IntercontinentalExchange (NYSE: ICE), a leading operator of regulated global derivatives exchanges and over-the-counter (OTC) markets, announced the completion of its acquisition of Climate Exchange plc (Climate Exchange), a leading operator of global emissions markets. The acquisition was completed today, July 8, 2010.
Under the previously announced terms of the acquisition, Climate Exchange shareholders will receive 7.50 pounds Sterling in cash for each share of Climate Exchange, valuing the entire existing issued and to be issued share capital of Climate Exchange at approximately 395 million pounds ($597 million). Transaction consideration included $377 million from ICE's existing cash resources and $220 million from ICE's existing credit facilities. Climate Exchange is now a wholly-owned subsidiary of ICE, operating under Climate Exchange's respective brand names.
"ICE's acquisition of Climate Exchange is the culmination of a long-standing and productive partnership between our companies," said ICE Chairman and CEO Jeffrey C. Sprecher. "With a track record of developing innovative, market-based solutions for emissions markets, Climate Exchange is a natural partner and complements our global energy business. Moving forward together, we will continue working to address the opportunities in the evolving emissions markets."
"This is a great moment for Climate Exchange stockholders and customers -- and for the future of emissions markets as we move forward with greater scale and additional resources," said Richard Sandor, founder of Climate Exchange. "I look forward to working closely with ICE's leadership to realize the full potential of our global emissions markets."
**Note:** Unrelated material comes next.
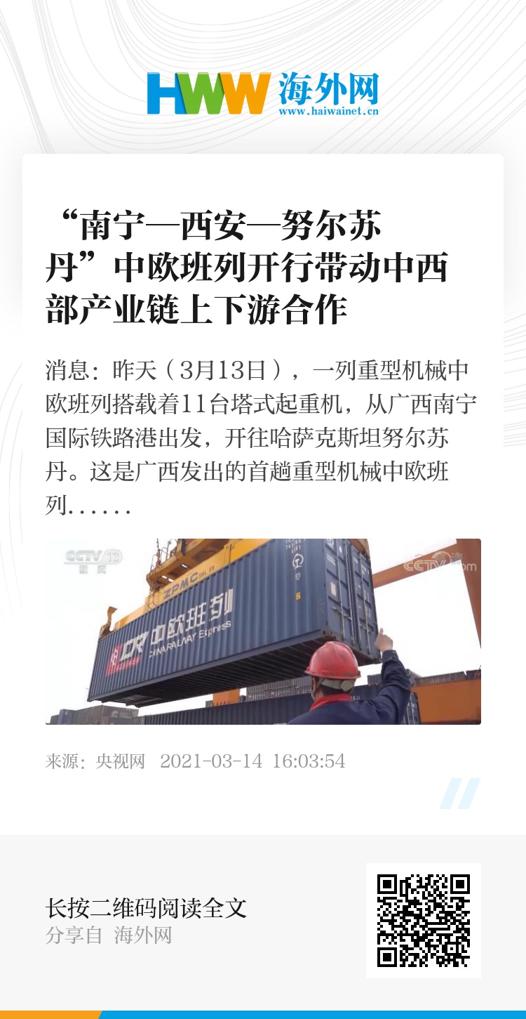 央视网消息:昨天(3月13日),一列重型机械中欧班列搭载着11台塔式起重机,从广西南宁国际铁路港出发,开往哈萨克斯坦努尔苏丹。这是广西发出的首趟重型机械中欧班列。

Key benefits of ICE's acquisition of Climate Exchange are expected to include:
- Leverages productive, long-term global partnership across technology, clearing and operations;
Increased scale, distribution and cross-selling opportunities;
- Diversification of ICE's products, customers and geographic profile;
- Cost savings and efficiencies across technology, clearing and product-development;
- Capital efficiency, product development opportunities and shared European and U.S. utilities market customers;
- Early-stage growth markets with long-term potential, including emissions programs in additional markets globally; and
- Exposure to nascent Asian commodities marketplaces with 25% stake in Tianjin Climate Exchange.
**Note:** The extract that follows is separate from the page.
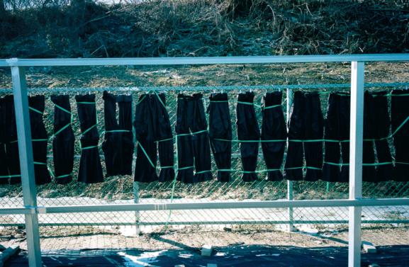 For her first major gallery show, in 2021, Prêt-àPatria—a portmanteau of the French for “ready-to-wear” and the Spanish word patria, for “homeland”—she homed in on one such motif: the soldier. The exhibition, at Kurimanzutto’s Mexico City headquarters, consisted of a sculpture shown alongside a video that was originally imagined as a performance, like a conceptual runway show, but COVID had other plans.

The Climate Exchange is organized into three core businesses: the European Climate Exchange (ECX), the Chicago Climate Futures Exchange (CCFE) and the Chicago Climate Exchange (CCX). ICE has provided the electronic trading platform for CCX and CCFE since the launch of trading on those exchanges in 2003 and 2004, respectively. In 2005, ICE and Climate Exchange co-developed and launched ECX, with contracts listed and traded on ICE Futures Europe. In 2008, clearing for all ICE Futures Europe contracts, including those of ECX, transitioned to ICE Clear Europe. In March 2009, ICE acquired The Clearing Corporation, which is the clearing house for CCFE.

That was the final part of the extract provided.